Hor-Aha (or Aha or Horus Aha) is considered  the second pharaoh of the First Dynasty of Egypt by some Egyptologists, while others consider him the first one and corresponding to Menes. He lived around the 31st century BC and is thought to have had a long reign.

Identity

Name
The commonly used name Hor-Aha is a rendering of the pharaoh's Horus-name, an element of the royal titulary associated with the god Horus, and is more fully given as Horus-Aha meaning Horus the Fighter.

Manetho's record Aegyptiaca (translating to History of Egypt) lists his Greek name as Athothis, or "Athotís".

For the Early Dynastic Period, the archaeological record refers to the pharaohs by their Horus-names, while the historical record, as evidenced in the Turin and Abydos king lists, uses an alternative royal titulary, the nebty-name. The different titular elements of a pharaoh's name were often used in isolation, for brevity's sake, although the choice varied according to circumstance and period.

Mainstream Egyptological consensus follows the findings of Flinders Petrie in reconciling the two records and connects Hor-Aha (archaeological) with the nebty-name Ity (historical).

The same process has led to the identification of the historical Menes (a nebty-name) with Narmer (a Horus-name) evidenced in the archaeological record (both figures are credited with the unification of Egypt and as the first pharaoh of Dynasty I) as the predecessor of Hor-Aha (the second pharaoh).

Theories 
There has been some controversy about Hor-Aha. Some believe him to be the same individual as the legendary Menes and that he was the one to unify all of Egypt. Others claim he was the son of Narmer, the pharaoh who unified Egypt. Narmer and Menes may have been one pharaoh, referred to with more than one name. Regardless, considerable historical evidence from the period points to Narmer as the pharaoh who first unified Egypt (see Narmer Palette) and to Hor-Aha as his son and heir.

Reign

Successor to Narmer
Seal impressions discovered by Günter Dreyer in the Umm El Qa'ab from Den and Qa'a burials identify Hor-Aha as the second pharaoh of the first dynasty. His predecessor Narmer had united Upper Egypt and Lower Egypt into a single kingdom, Upper and Lower Egypt. Hor-Aha probably ascended the throne in the mid 31st century BC.

Interior policy
Hor-Aha seems to have conducted many religious activities. A visit to a shrine of the goddess Neith is recorded on several tablets from his reign. The sanctuary of Neith he visited was located in the north-west of the Nile Delta at Sais. Furthermore, the first known representation of the sacred Henu-barque of the god Seker- was found engraved on a year tablet dating from his reign.

Vessel inscriptions, labels and sealings from the graves of Hor-Aha and Queen Neithhotep suggest that this queen died during the reign of Aha.
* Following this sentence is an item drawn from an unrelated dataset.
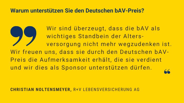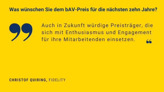 Thomas Jasper: Vor zehn Jahren haben alle Beteiligten den bAV-Preis mit viel Enthusiasmus gestartet. Heute ist er DER deutsche bAV-Preis. Wir haben eine namhafte, kenntnisreiche und engagierte Jury. Zudem genießen wir eine breite Unterstützung aus der bAV-Industrie. Vor allem sehen wir jedes Jahr fantastische Bewerbungen und Preisträger. Man kann mit Fug und Recht behaupten, dass der Preis seinem Namen voll gerecht wird.

He arranged for her burial in a magnificent mastaba excavated by Jacques de Morgan. Queen Neithhotep is plausibly Aha's mother The selection of the cemetery of Naqada as the resting place of Neithhotep is a strong indication that she came from this province. This, in turn, supports the view that Narmer married a member of the ancient royal line of Naqada to strengthen the domination of the Thinite kings over the region. However, in January 2016, a rock inscription has demonstrated that Neithhotep was actually a queen regent early during the reign of Djer, Hor-Aha's successor. Therefore, the cemetery evidence above only proves that Neithhotep did live during the reign of Hor-Aha but succeeded him into Djer's reign.

Most importantly, the oldest mastaba at the North Saqqara necropolis of Memphis dates to his reign. The mastaba belongs to an elite member of the administration who may have been a relative of Hor-Aha, as was customary at the time. This is a strong indication of the growing importance of Memphis during Aha's reign.

Economic development
Few artifacts remain of Hor-Aha's reign. However, the finely executed copper-axe heads, faience vessel fragments, ivory box and inscribed white marbles all testify to the flourishing of craftsmanship during Aha's time in power.

Activities outside Egypt
Inscription on an ivory tablet from Abydos suggests that Hor-Aha led an expedition against the Nubians. On a year tablet, a year is explicitly called 'Year of smiting of Ta-Sety' (i.e. Nubia).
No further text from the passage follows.